The suit says a supporter of the Biden-Harris campaign called San Marcos public safety director Chase Stapp in the days leading up to the Hays County tour to state that they were worried about possible harassment during the visit. One of those stops included a campaign event at Texas State University.

On Oct. 30, video taken by people who were driving by shows that several vehicles carrying pro-Trump flags clustered around the campaign bus as it drove down I-35. Staffers traveling in the bus called authorities and made requests for a police escort through San Marcos, the lawsuit says.
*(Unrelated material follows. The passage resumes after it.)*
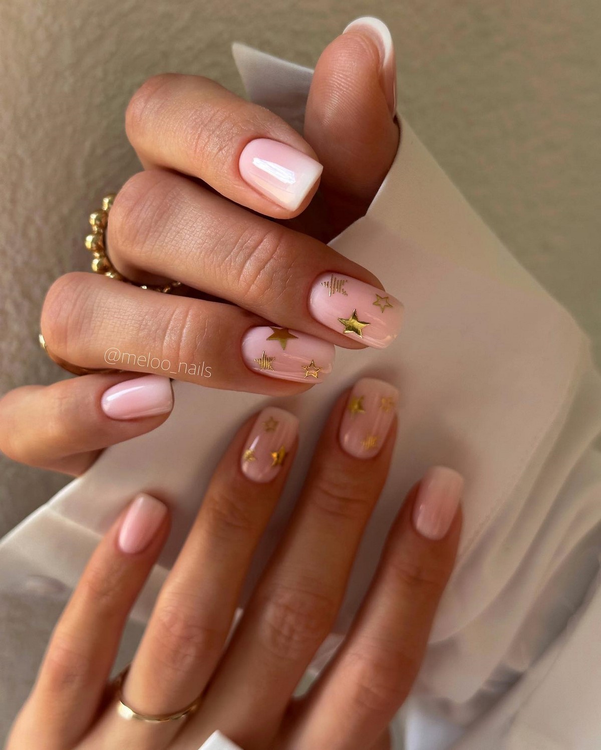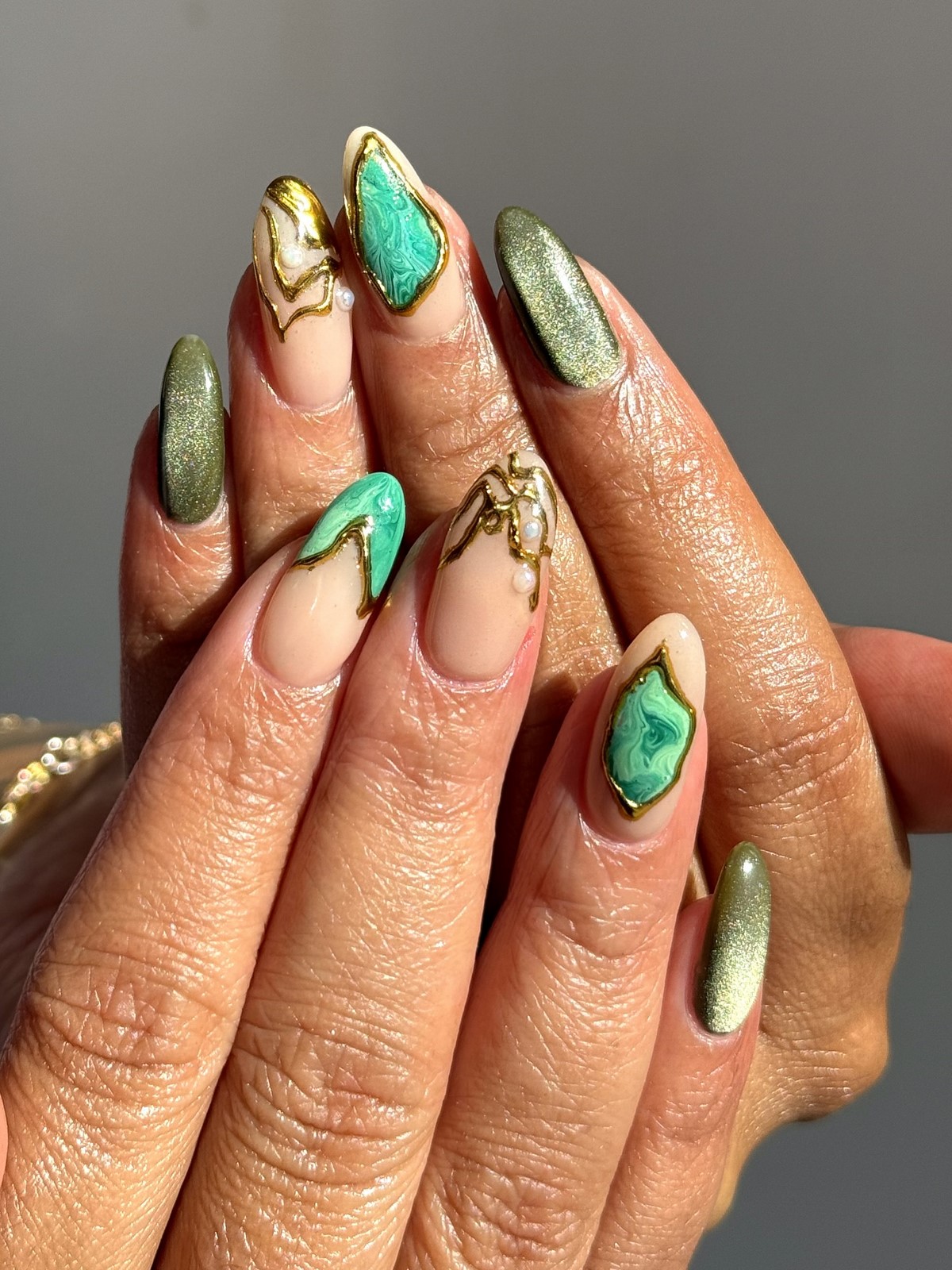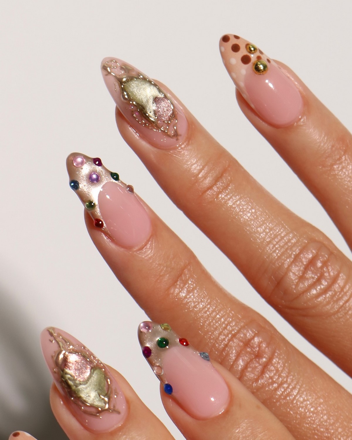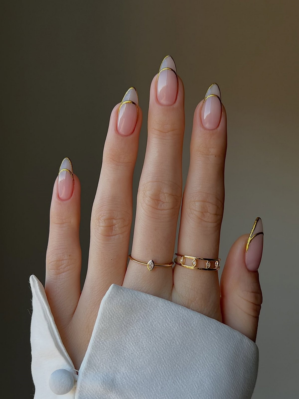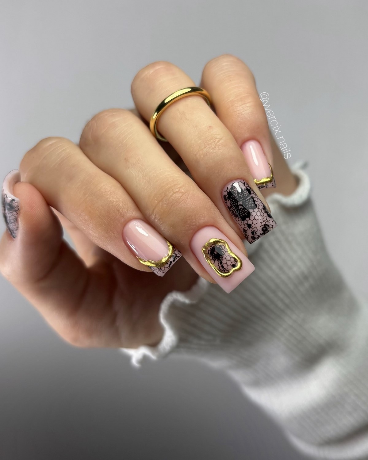 Якщо сусальне золото — це про індивідуальні форми, то золоті текстури — про гру поверхонь і складних блискучих ефектів. Дизайнери пропонують варіанти з ефектом потертостей, золотого піску, фольгованих мазків та крихти металу. Такі текстури створюють цікаву багатошаровість, роблячи манікюр глибоким та оригінальним.

“Despite repeated calls for help, they refused or failed to respond when dozens of individuals in at least forty vehicles formed a self-labeled vehicular ‘Trump Train’ with the express purpose of terrorizing and intimidating a group campaigning for then-Democratic Presidential and Vice Presidential Candidates Joseph R. Biden and Kamala Harris,” the lawsuit reads.

San Marcos officials did not comment on the lawsuit Thursday citing the ongoing litigation.

The Texas Tribune reported that Davis and others have also sued seven people who were allegedly among the Trump supporters who surrounded the bus, saying the incident constituted a violation of the Ku Klux Klan Act of 1871, which prohibits obstructing federal elections or intimidating voters.